The tip button at a place where you didn't get any personal service. At QDOBA after you walk through the line and all they do is scoop up food you have to scroll through the tip feature. I think the lowest is 20%-30%-40%. I don't care about them trying to shame me into a tip, I always hit 0%. It was the same at Dominoes when you into the store and carry out your own pizza, Then they want a tip! F.U!
 
Hearing all these bizarre sexual sayings and acts. The latest. "Philly sidecar." This is having sex with the colostomy hole of those that need the poop bag. I thought. "No Way, this is BS." So asked my lady ER nurse if this is real? Yup. It happens. And she has even heard that term of "Philly Sidecar." (Although neither of us understand that "Philadelphia" connection.)

WTF!!!!!!!!!!!!!!!
 
Here is one....
A guy posts a thread and asks for help. Several members chime in and the OP never thanks anyone.

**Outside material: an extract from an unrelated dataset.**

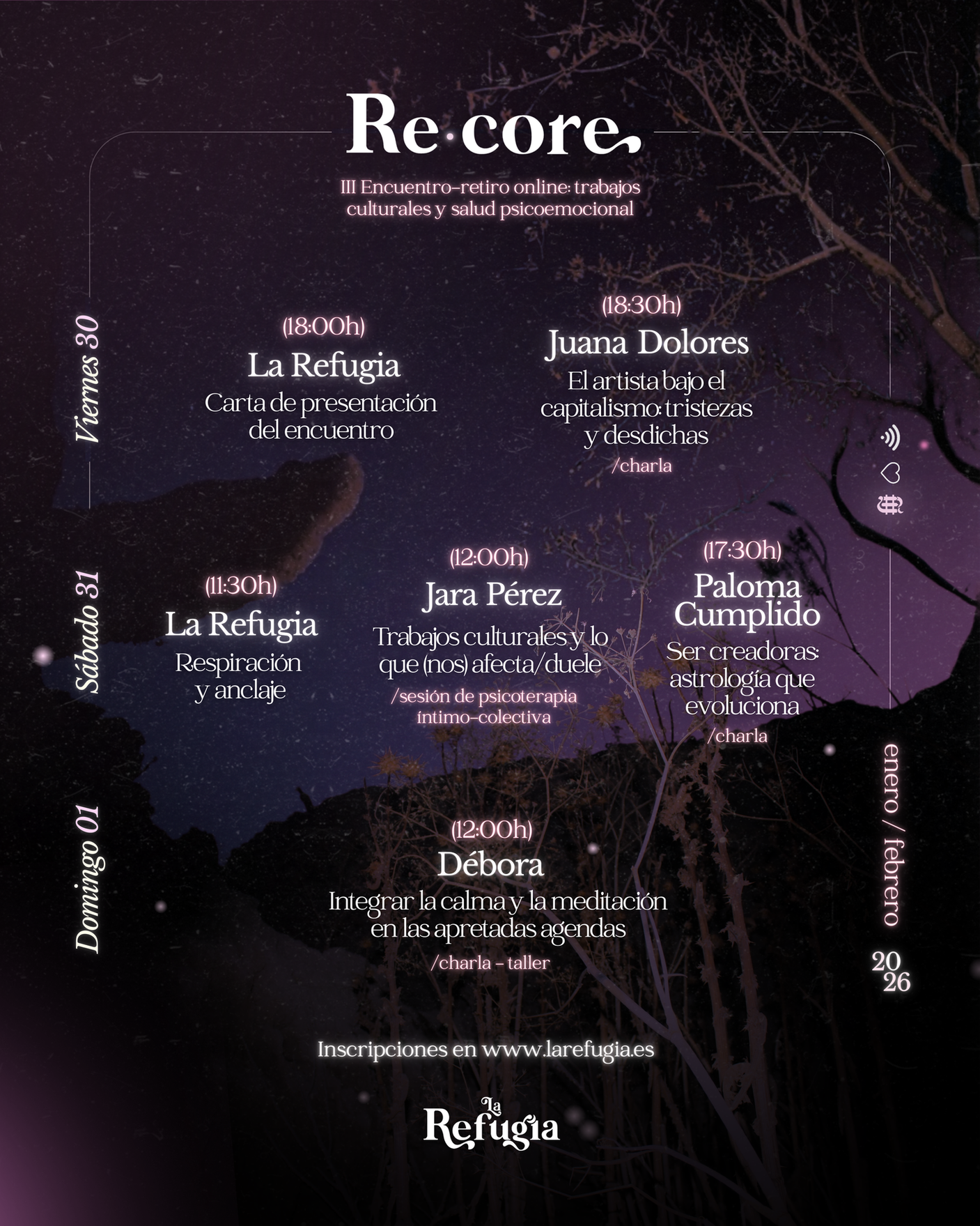 Ya tenemos inscripciónes abiertas para nuestro próximo encuentro-retiro online Re·core, una burbuja dedicada a la ralentización, la introspección, el análisis, la calma, la no-utilitariedad y los cuidados.
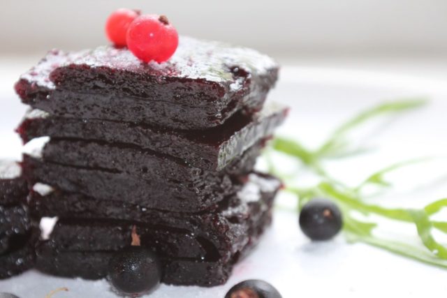 Pastila mit schwarzen Johannisbeeren ist ein vielseitiges Gericht. In Keile geschnitten, dient es als ausgezeichnete Teespezialität. Es wird als Zwischenschicht und Dekoration für Kuchen verwendet und anstelle von Marmelade zu Eis hinzugefügt. Auf der Basis von saurem Marshmallow werden Saucen für Fleisch zubereitet und köstliche Marinaden aus eingeweichten Köstlichkeiten gewonnen. Daher sollte während des Ernteprozesses ein Teil des Marshmallows süß und der andere sauer gemacht werden.

Show some respect, people. SOME members actually try hard to help others so don't be stingy with the gratitude.
 
One of my summer students years ago knew about every sexual kink that there was, and the slang for it. As a result I thought that I was pretty well informed and hard to shock but jeez, a colostomy hole? Gotta clean the barf off of my iPad. I bet I could post video of that online and some guy would paddle his own canoe to it.
 
One of my summer students years ago knew about every sexual kink that there was, and the slang for it. As a result I thought that I was pretty well informed and hard to shock but jeez, a colostomy hole? Gotta clean the barf off of my iPad. I bet I could post video of that online and some guy would paddle his own canoe to it.
Each one I hear are getting worse. The "Colostomy" hole is just the latest.

My point? We can stop now! But 6 months from now. I'll read another somewhere that one just can't unlearn.